Exercise: Only text lines belong in the answer: the lines from the first one in the records through the line with "Shanti ist ein", copied exactly.

Given records:

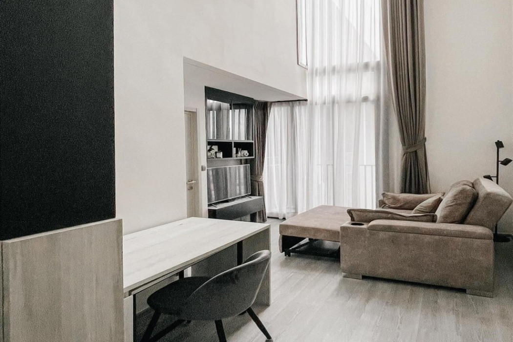 ว่างให้เช่า ห้องดูเพล็กซ์เพดานสูงห้องThe Line Sukhumvit 101 ตกแต่งครบ
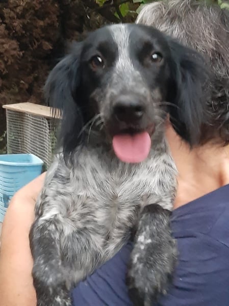 Shanti ist ein schöne Hündin mit ihrer interessanten schwarz weiß gefleckten Fellfärbung.
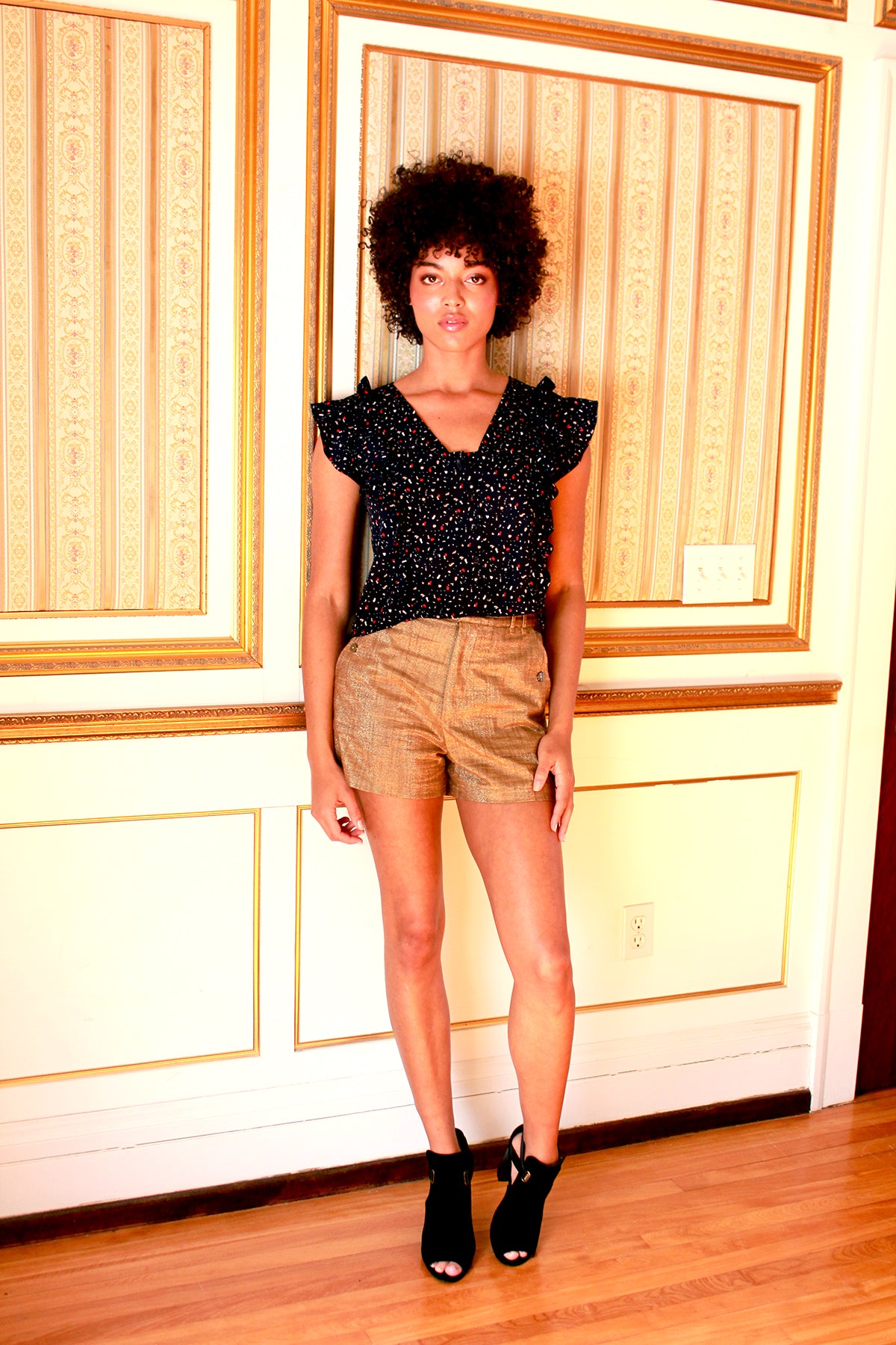 A fluttery button-front top with a v-neckline and front body ruffles, the Layla is a charming spring wardrobe essential. The length is a Rachel Walters Collection signature, what we call a "Grown-Up Crop," which is neither navel-baring nor frumpy-long. It's the over-35 way to wear a crop top. The micro flutter sleeves are feminine and dainty and the back opening detail will keep you ventilated and comfy in the spring/summer heat. The top opens and closes with a center front button placket.
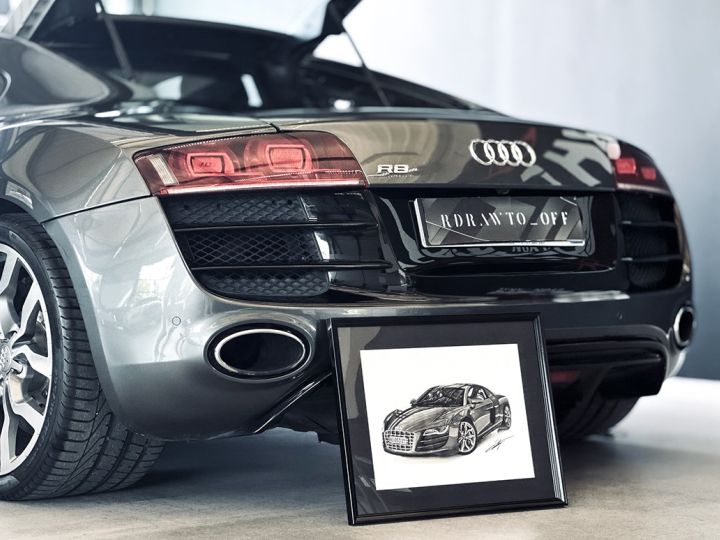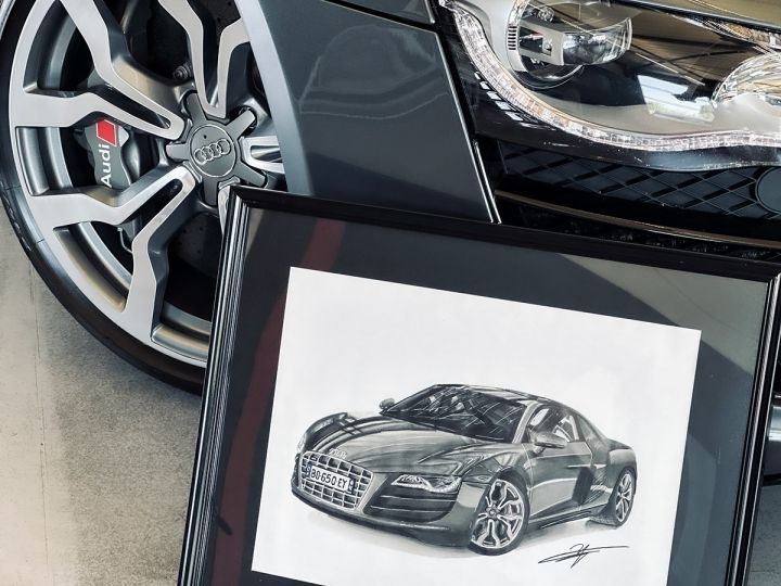 À l’occasion de l’acquisition de sa nouvelle Audi R8 V10 auprès de BHCAR Lyon Anse, le client a souhaité compléter cette expérience en commandant une illustration sur mesure de son véhicule.
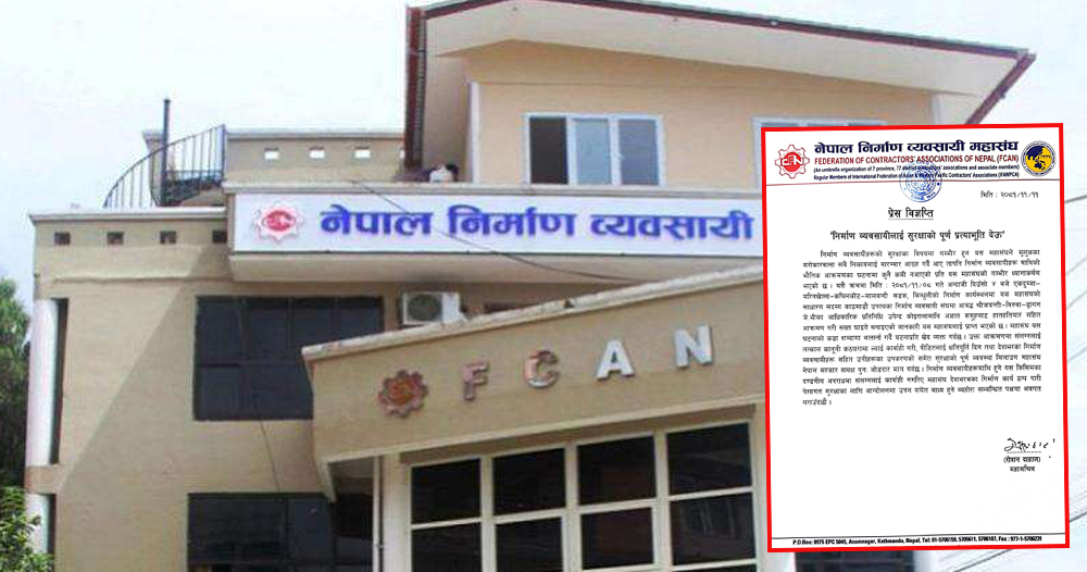 निर्माण व्यवसायीहरूमाथि हुने यस किसिमका दण्डनीय अपराधमा संलग्नलाई कारबाही नगरिए देशभरका निर्माण कार्य ठप्प पारी पेसागत सुरक्षाका लागि महासंघ आन्दोलनमा उत्रन बाध्य हुने विज्ञप्तिमा उल्लेख छ ।
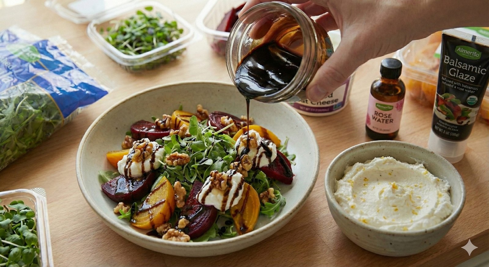 The final touch, the flourish I never skip, is the balsamic-rose drizzle. Balsamic from Modena, the pride of my region, married with the perfume of rose water—an unexpected combination that somehow tastes like renewal itself. When it kisses the warm beets and the cool goat cheese, everything settles into balance.
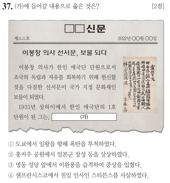 제 64회 한국사능력검정시험(기본) 37번 문제 풀이
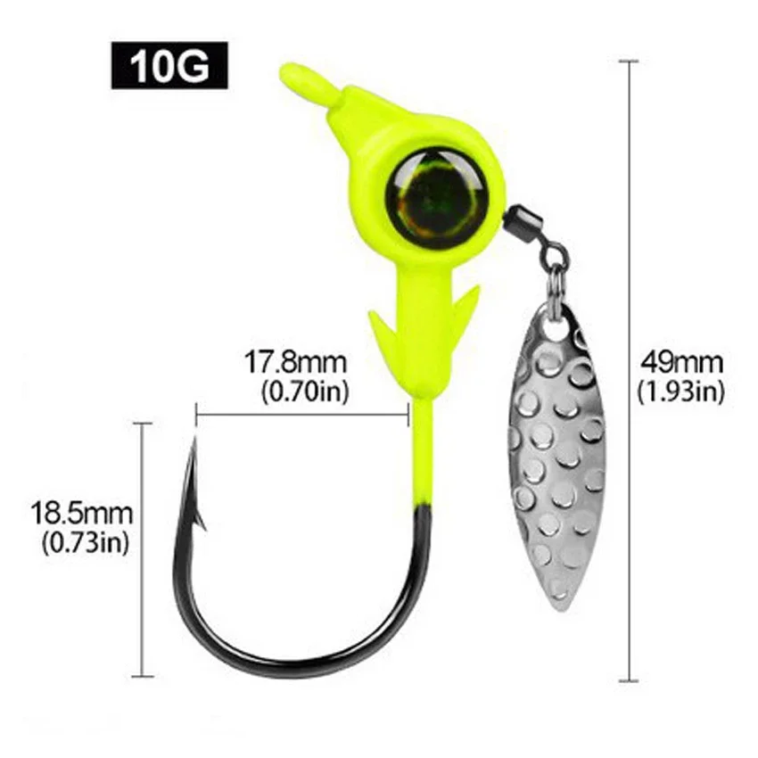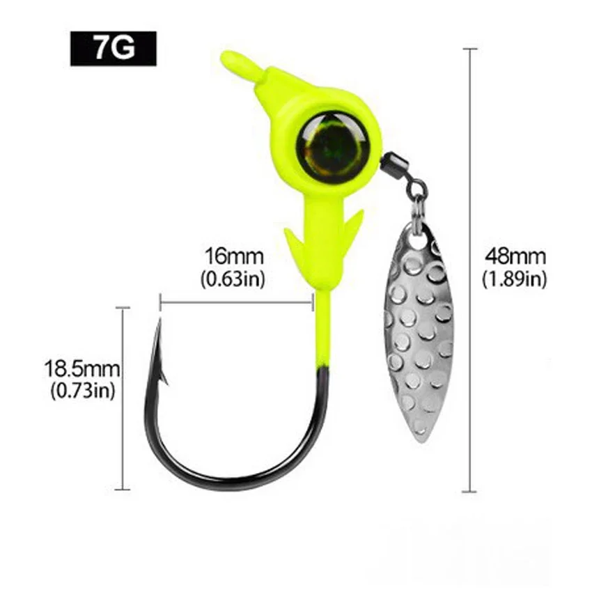 Estas cabeças plumbadas com colher foram concebidas para pescadores que usam vinis e querem juntar à montagem um elemento extra de vibração e reflexo. O anzol integrado permite montar shads, worms e outros vinis de forma simples, enquanto a colher giratória trabalha durante a recuperação e ajuda a tornar a apresentação mais apelativa.
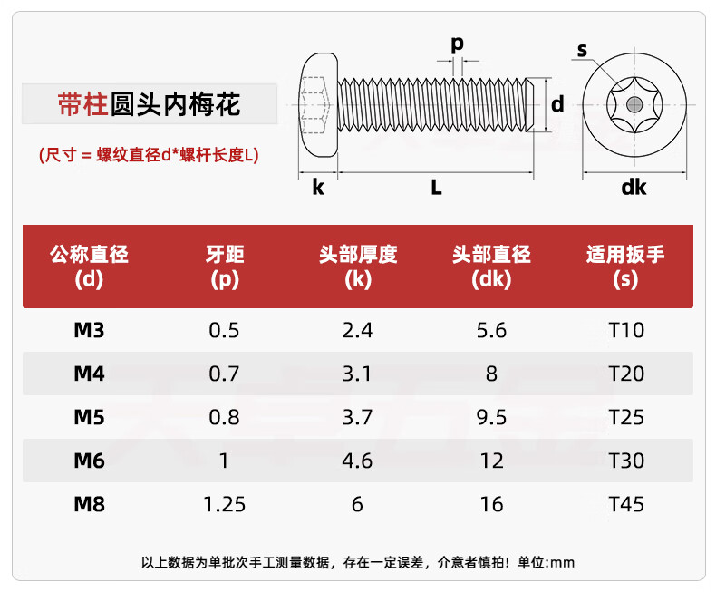 天卓五金304/316不锈钢圆头内梅花螺丝盘头带柱防盗螺钉M3M4M5M6M8 GB2672 M3配套扳手T10(8个)
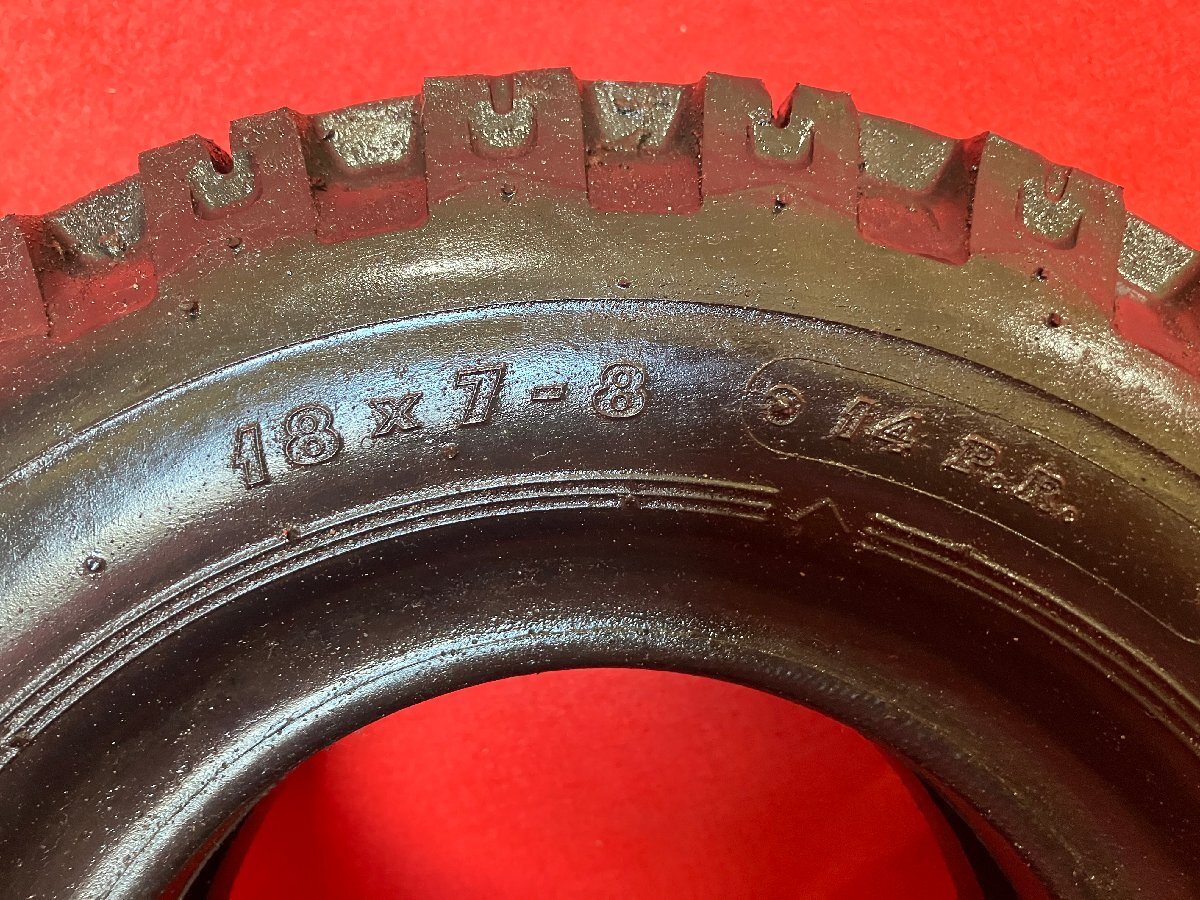 - 【個人宅配送不可】中古 フォークリフトタイヤ 18x7-8 14PR POWER SNOW チューブタイプ スパイクピン付き 2本SET【52742055】
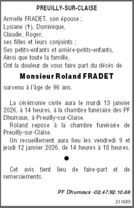 Décédé à Preuilly-sur-Claise (37290, France) le mardi 6 janvier 2026 à l'âge de 96 ans
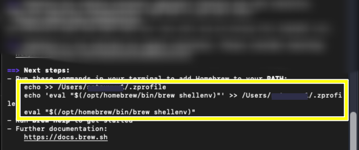 - echo ‘eval “$(/opt/homebrew/bin/brew shellenv)”‘ >> /Users/あなたのユーザー名/.zprofile
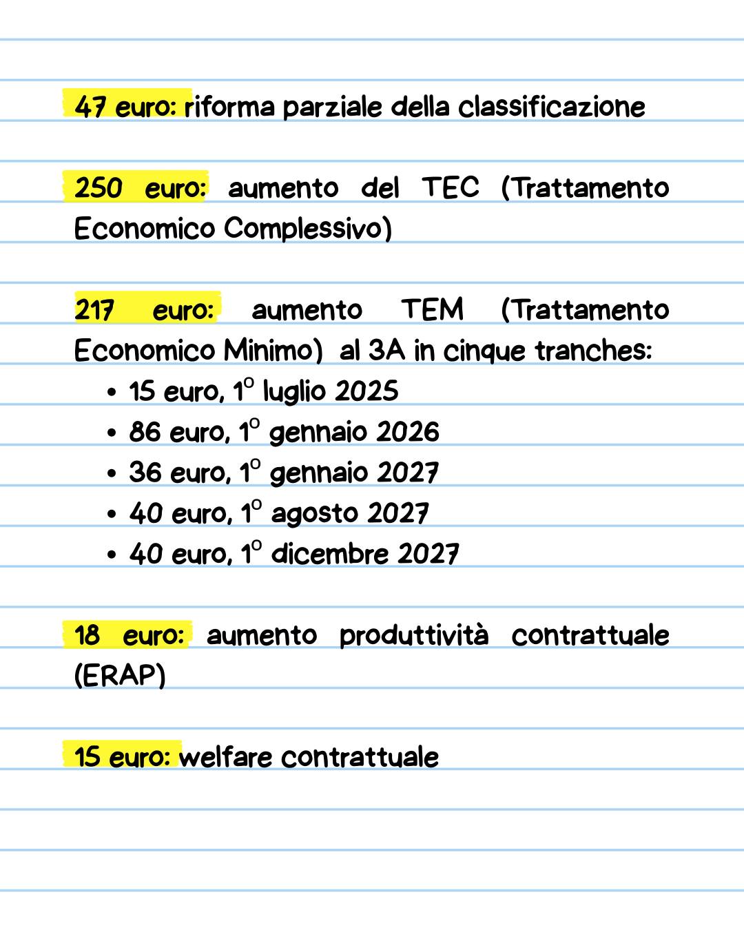 217 euro, aumento TEM (Trattamento Economico Minimo) al 3A in cinque tranches:
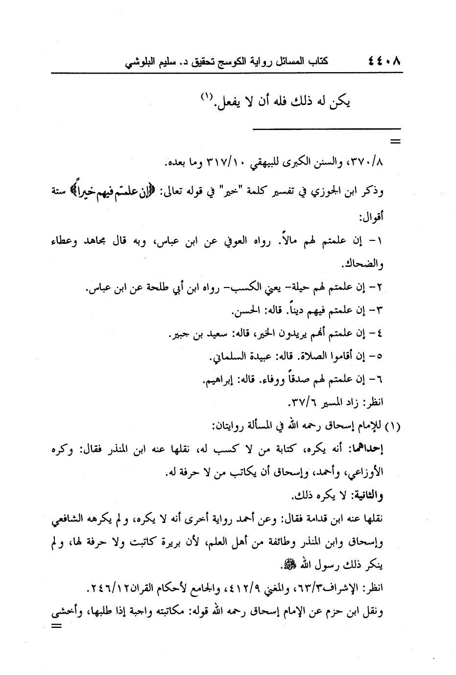 ونقل ابن حزم عن الإمام إسحاق رحمه الله قوله: مكاتبته واجبة إذا طلبها، وأخشى أن يأثم إن لم يفعل ذلك، ولا [] يجبره الحاكم على ذلك. المحلى 9/223-224.

The answer:
 ว่างให้เช่า ห้องดูเพล็กซ์เพดานสูงห้องThe Line Sukhumvit 101 ตกแต่งครบ
 Shanti ist ein schöne Hündin mit ihrer interessanten schwarz weiß gefleckten Fellfärbung.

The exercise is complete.